## Exercise instructions
Set out exactly every line of the entries below, starting at the line that holds "问题现象:D5创建了场景,做了贴图再点击之前的场景结果全部位移了" and stopping after the line that holds "Nordic lobby high-back".

## Data section
_ _ _ _ _
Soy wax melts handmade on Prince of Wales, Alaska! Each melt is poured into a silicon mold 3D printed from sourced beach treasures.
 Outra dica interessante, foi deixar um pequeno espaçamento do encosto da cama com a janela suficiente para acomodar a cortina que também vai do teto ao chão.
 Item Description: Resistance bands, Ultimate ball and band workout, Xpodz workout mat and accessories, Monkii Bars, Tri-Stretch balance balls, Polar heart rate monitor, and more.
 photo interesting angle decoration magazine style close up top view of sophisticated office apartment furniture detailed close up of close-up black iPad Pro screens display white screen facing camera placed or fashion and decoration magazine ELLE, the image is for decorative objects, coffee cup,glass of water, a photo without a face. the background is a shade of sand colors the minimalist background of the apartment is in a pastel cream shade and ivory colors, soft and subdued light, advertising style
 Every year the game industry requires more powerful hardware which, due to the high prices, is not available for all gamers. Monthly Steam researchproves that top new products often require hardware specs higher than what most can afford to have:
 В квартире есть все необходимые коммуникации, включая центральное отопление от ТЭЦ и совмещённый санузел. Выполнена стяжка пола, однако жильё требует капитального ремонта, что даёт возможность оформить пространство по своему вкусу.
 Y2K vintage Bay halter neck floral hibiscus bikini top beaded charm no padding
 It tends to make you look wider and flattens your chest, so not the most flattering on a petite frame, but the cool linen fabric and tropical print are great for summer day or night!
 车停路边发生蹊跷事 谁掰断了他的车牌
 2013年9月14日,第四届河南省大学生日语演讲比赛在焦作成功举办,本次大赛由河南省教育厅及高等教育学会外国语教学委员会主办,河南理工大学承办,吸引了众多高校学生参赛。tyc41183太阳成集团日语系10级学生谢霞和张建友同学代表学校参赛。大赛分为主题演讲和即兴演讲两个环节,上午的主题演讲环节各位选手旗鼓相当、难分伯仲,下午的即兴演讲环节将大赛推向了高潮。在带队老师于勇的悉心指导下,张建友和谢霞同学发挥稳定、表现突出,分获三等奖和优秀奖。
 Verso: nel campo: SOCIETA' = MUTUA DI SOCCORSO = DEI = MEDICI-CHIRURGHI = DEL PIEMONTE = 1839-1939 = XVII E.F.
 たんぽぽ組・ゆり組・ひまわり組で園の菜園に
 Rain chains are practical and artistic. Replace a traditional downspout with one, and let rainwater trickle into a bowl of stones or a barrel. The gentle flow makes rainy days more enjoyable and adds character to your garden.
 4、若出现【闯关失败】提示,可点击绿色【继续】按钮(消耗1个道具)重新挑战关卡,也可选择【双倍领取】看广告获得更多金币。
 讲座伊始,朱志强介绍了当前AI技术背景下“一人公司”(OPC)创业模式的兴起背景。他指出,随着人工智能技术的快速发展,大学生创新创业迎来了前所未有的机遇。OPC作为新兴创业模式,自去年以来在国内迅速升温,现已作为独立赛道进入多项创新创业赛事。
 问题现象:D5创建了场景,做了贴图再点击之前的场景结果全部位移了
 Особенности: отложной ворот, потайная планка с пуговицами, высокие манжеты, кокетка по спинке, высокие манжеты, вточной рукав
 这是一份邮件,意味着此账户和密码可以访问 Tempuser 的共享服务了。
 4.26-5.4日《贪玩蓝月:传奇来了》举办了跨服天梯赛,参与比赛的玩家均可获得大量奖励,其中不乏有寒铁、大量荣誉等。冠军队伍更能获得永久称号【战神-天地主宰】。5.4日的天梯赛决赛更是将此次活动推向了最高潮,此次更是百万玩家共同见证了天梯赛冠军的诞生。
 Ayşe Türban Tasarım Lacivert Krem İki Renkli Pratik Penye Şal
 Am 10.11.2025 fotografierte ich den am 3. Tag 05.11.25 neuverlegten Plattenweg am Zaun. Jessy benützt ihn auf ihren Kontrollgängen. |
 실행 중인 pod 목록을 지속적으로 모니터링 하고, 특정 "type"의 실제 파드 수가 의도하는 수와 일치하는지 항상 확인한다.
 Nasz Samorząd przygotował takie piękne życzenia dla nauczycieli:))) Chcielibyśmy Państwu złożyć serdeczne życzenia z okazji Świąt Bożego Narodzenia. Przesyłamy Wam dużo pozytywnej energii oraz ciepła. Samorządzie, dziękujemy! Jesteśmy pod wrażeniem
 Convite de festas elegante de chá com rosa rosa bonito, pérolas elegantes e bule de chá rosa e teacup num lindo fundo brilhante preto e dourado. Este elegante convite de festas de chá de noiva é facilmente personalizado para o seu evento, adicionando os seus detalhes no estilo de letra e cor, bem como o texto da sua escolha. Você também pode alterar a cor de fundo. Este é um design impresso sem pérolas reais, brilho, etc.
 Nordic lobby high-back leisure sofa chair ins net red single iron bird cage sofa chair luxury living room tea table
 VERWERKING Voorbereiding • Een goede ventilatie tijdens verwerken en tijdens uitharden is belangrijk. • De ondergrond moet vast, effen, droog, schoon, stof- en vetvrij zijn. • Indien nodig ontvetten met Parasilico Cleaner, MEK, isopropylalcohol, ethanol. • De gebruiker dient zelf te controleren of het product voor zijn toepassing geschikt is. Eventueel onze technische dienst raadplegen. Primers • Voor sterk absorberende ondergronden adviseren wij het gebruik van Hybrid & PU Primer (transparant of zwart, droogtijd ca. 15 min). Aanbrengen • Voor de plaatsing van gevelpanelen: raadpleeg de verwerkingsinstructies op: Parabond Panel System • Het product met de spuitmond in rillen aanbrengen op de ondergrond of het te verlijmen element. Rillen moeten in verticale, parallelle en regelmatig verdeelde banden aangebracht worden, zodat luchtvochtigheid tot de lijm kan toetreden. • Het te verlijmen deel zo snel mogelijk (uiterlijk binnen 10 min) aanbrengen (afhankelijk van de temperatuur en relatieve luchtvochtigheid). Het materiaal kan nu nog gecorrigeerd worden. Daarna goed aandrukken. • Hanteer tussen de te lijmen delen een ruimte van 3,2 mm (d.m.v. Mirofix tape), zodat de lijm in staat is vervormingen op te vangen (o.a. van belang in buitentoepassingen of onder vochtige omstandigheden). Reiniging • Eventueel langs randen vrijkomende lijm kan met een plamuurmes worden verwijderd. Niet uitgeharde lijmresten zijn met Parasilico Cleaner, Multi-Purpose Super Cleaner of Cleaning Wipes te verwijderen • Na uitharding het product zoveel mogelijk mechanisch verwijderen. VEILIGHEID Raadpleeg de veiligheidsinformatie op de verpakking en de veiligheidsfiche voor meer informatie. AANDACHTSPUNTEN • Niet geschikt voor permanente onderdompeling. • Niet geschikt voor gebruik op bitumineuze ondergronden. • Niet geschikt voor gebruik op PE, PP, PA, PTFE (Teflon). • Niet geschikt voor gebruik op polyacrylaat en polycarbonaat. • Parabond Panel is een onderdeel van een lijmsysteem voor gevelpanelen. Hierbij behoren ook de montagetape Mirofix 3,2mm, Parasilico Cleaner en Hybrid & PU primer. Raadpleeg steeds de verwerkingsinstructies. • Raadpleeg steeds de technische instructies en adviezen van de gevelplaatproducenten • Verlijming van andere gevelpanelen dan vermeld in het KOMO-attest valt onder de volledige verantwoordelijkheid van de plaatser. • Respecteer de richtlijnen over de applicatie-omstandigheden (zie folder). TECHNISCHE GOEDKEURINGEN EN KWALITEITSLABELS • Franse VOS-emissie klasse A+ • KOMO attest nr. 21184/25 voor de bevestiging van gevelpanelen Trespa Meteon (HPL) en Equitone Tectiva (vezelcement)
_ _ _ _ _
## Task output
 问题现象:D5创建了场景,做了贴图再点击之前的场景结果全部位移了
 Особенности: отложной ворот, потайная планка с пуговицами, высокие манжеты, кокетка по спинке, высокие манжеты, вточной рукав
 这是一份邮件,意味着此账户和密码可以访问 Tempuser 的共享服务了。
 4.26-5.4日《贪玩蓝月:传奇来了》举办了跨服天梯赛,参与比赛的玩家均可获得大量奖励,其中不乏有寒铁、大量荣誉等。冠军队伍更能获得永久称号【战神-天地主宰】。5.4日的天梯赛决赛更是将此次活动推向了最高潮,此次更是百万玩家共同见证了天梯赛冠军的诞生。
 Ayşe Türban Tasarım Lacivert Krem İki Renkli Pratik Penye Şal
 Am 10.11.2025 fotografierte ich den am 3. Tag 05.11.25 neuverlegten Plattenweg am Zaun. Jessy benützt ihn auf ihren Kontrollgängen. |
 실행 중인 pod 목록을 지속적으로 모니터링 하고, 특정 "type"의 실제 파드 수가 의도하는 수와 일치하는지 항상 확인한다.
 Nasz Samorząd przygotował takie piękne życzenia dla nauczycieli:))) Chcielibyśmy Państwu złożyć serdeczne życzenia z okazji Świąt Bożego Narodzenia. Przesyłamy Wam dużo pozytywnej energii oraz ciepła. Samorządzie, dziękujemy! Jesteśmy pod wrażeniem
 Convite de festas elegante de chá com rosa rosa bonito, pérolas elegantes e bule de chá rosa e teacup num lindo fundo brilhante preto e dourado. Este elegante convite de festas de chá de noiva é facilmente personalizado para o seu evento, adicionando os seus detalhes no estilo de letra e cor, bem como o texto da sua escolha. Você também pode alterar a cor de fundo. Este é um design impresso sem pérolas reais, brilho, etc.
 Nordic lobby high-back leisure sofa chair ins net red single iron bird cage sofa chair luxury living room tea table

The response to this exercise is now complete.